The importance of encouraging health care staff to show their personalities

Guest Blog by Ken DeSieghardt

UPDATE: Stamp & Chase was pleased to post this guest blog from our long-time friend Ken DeSieghardt, in March 2020. Sadly, we lost Ken in August, 2021, after he contracted COVID. This post continues to celebrate the courageous, dedicated work of the caring staff at Barnes Jewish Hospital. All of us touched by Ken’s kindness, humor and generosity are grateful for the additional time we had to spend with him because of his successful transplant. His message powerfully describes why patient experience and compassionate communication are important.

On February 27, 2019, I was admitted to Barnes-Jewish Hospital in St. Louis due to acute respiratory failure, in the hopes that a new set of lungs would become available soon for transplant. My ability to breathe had taken a nosedive over the previous year or so, due to a genetic condition called Alpha 1 Antitrypsin Deficiency. All the nebulized medicines and inhalers I was using were no longer effective. Without a transplant, I would die sooner, rather than later.

For the first three months or so in the hospital, I suffered from significant weight loss (down to 118 pounds at one point, and I’m six feet tall), and even more significant delirium, due to the high level of CO2 in my bloodstream. The delirium led to hallucinations that ran the gamut from funny to frightening.

Thankfully, I don’t remember much about that period in the hospital. Friends and family came and visited. I got to know which food I liked and what to avoid. Wandered sometimes at night, thinking I was somewhere else. And I received IVs, a pile of pills each day, and had a feeding tube for a spell. Eventually, my condition worsened to the point that the doctors had to perform a tracheotomy. This meant I couldn’t speak above a whisper, darkening my world even more.

What I remember most may surprise you

What I do remember about those days, however, are the staff members (RNs and Medical Technologists) who let their guard down just a bit, while they doing an amazing job keeping me alive.

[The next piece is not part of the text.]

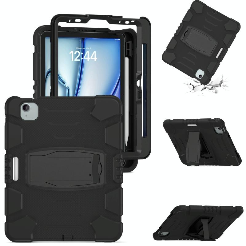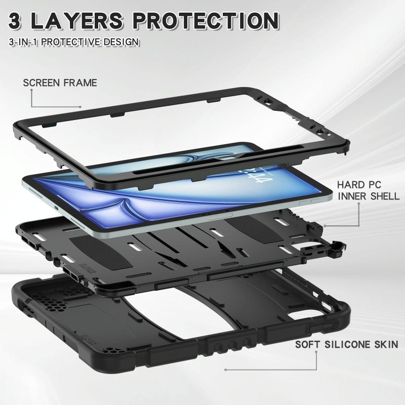 For iPad Air 11 2025 / 2024 3-Layer Silicone Hybrid PC Tablet Case(Black)

These professionals let me see into their personalities through a joke, an off-handed remark, a comment about the food, an encouraging aside at just the right moment, and so on. Such behavior let me know them as a person, not just a highly skilled health care worker.

This is so critical, particularly in the case of long-term hospital stay patients, and why patient experience is so important. I stayed in the hospital for 4 ½ months – receiving my transplant on June 8 and discharged on July 8. And without such interplay with the staff on a regular basis, I’m not certain how I would have been able to handle the monotony, the needle sticks, the blood sugar checks and the insulin shots, etc.

Caring for the “whole patient”

My company assists school district, higher education and cities with communication issues. In doing so, we hear a lot about how education has changed, because of the need to care for “the whole child.”

The same is true in health care settings. Get a read on the patient’s manner and dialogue style early on. Test drive a joke here and there. Open up a little about yourself and your aspirations. Anything to get the relationship beyond the needles, pills and vitals checks at 4 a.m.

At Barnes Jewish, such conversations made me feel human, appreciated and understood. That, plus whittling down the menu to just a few food choices, made my experience much more bearable.